During stage (B), the list 322 of prefix—actual suggestion pairs (e.g., similar to the list 122, shown in FIG. 1) can be generated by the actual query suggestion generator 106 and the character-level tokenizer 108. For each word in the list 320 of words and associated frequencies, for example, one or more possible prefixes may be identified, and each prefix may be associated with the frequency of the word. For example, the word “at” occurs twice in the set of messages 302 and 304, and is thus associated with a frequency of two in the list 320 of words and associated frequencies. Referring to the list 322, for example, the prefix “a” of the word “at” can be associated with a frequency of two, and the word completion “at” can also be associated with a frequency of two. As another example, the prefix “e” is identified as being a prefix of multiple words in the list 320 of words and associated frequencies: “eight” (which has a frequency of two), “Eileen” (which has a frequency of four), “exactly” (which has a frequency of two), and “example” (which has a frequency of four). Thus, in the present example, the prefix “e” is mapped to each possible word completion, along with the frequency (count) of each word. The list 322, for example, shows a subset of all of the possible prefix—completion—frequency mappings for the list 320 of words and associated frequencies.

During stage (C), the list 324 of display suggestions (e.g., similar to the list 124, shown in FIG. 1) can be generated by the pattern recognizer 110, based on information received from the word-level tokenizer 102. For example, based on a pattern 330 (e.g., an RFC822 format) obtained from the pattern repository 118, the pattern recognizer 110 can analyze successive terms included in each of the messages 302 and 304 to identify a series of terms that represents an e-mail address. In the present example, the pattern recognizer 110 recognizes the e-mail addresses “Robert Jones (bob@example.com)” and “Eileen Jones (eileen.jones@example.com)”. Based on a pattern 332 (e.g., a URI format), for example, the pattern recognizer 110 may not recognize any corresponding uniform resource identifiers in the set of messages 302 and 304—and may thus return an empty set.

During stage (D), the list 326 of actual suggestion—display suggestion pairs (e.g., similar to the list 126, shown in FIG. 1) can be generated by the actual suggestion—display suggestion pairer 112, based on information maintained by the list 324 of display suggestions, and the list 322 of prefix—actual suggestion pairs. Each tokenized word included in the list 324 of display suggestions, for example, can be matched with its corresponding prefixes in the list 322 of prefix-actual suggestion pairs.

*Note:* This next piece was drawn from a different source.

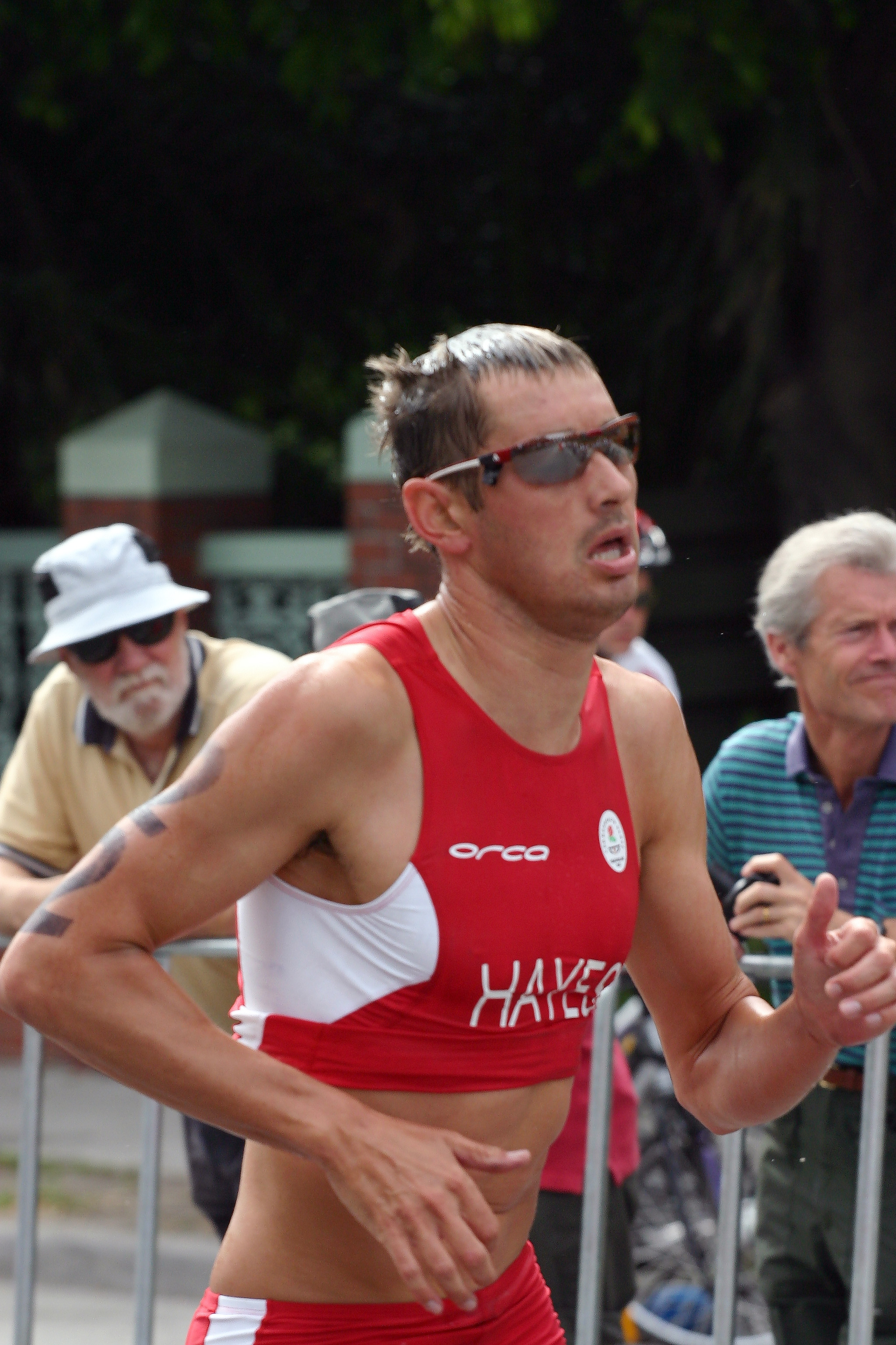 Stuart Hayes on the run section of the men's triathlon at the 2006 Commonwealth Games in Melbourne

In some implementations, the frequency of which a particular term is associated with a particular display suggestion may be identified and may be associated with the respective display suggestion. For example, the prefixes “j”, “jo”, etc., may each be associated with the term “Jones”—thus, in the present example, the term “Jones” may serve as an actual suggestion for any of the prefixes “j”, “jo”, etc. Referring to the list 320 of words and associated frequencies, for example, the term “Jones” occurs six times in the set of messages 302 and 304. The actual suggestion—display suggestion pairer 112, for example, may determine that two instances of the term “Jones” occur in association with the display suggestion “Robert Jones (bob@example.com)” (i.e., one in the “from” block of message 302 and one in the “to” block of message 304), and that four instances of the term “Jones” occur in association with the display suggestion “Eileen Jones (eileen.jones@example.com)” (i.e., two in the “to” block of message 302 and two in the “from” block of message 304).

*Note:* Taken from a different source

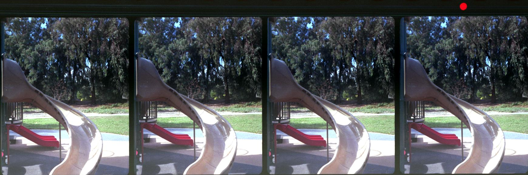 Negative strip from Nimslo, reversed by software, note the dot is red, it is produced by a red L.E.D.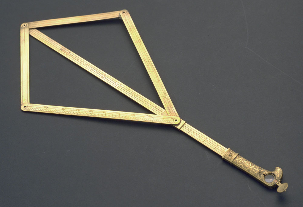 ArtistUnknownAuthorLatino OrsiniDescription

In some implementations, a score may be assigned to an actual suggestion—display suggestion pair, based on a number of times that the particular display suggestion has been output and selected by a user in response to receiving user inputs of a particular prefix. For example, a popularity score may be maintained by the actual suggestion—display suggestion pair scoring module 112, for each actual suggestion—display suggestion in the list 326. In the present example, in response to receiving user input of the prefix “jo”, for example, the device 202 may present the display suggestions “Eileen Jones (eileen.jones@example.com)” and “Robert Jones (bob@example.com)” (among other possible suggestions). Initially, the popularity of each display suggestion may be zero, for example. However, if the user happens to select one of the suggestions, its popularity score may be incremented in association with the actual suggestion and/or prefix which triggered its display. Thus, in the present example, the query term suggestion server 208 may be trained to preferentially present (e.g., by modifying list placement, font selection, highlighting, etc.) a particular display suggestion upon receiving a particular prefix from a particular user.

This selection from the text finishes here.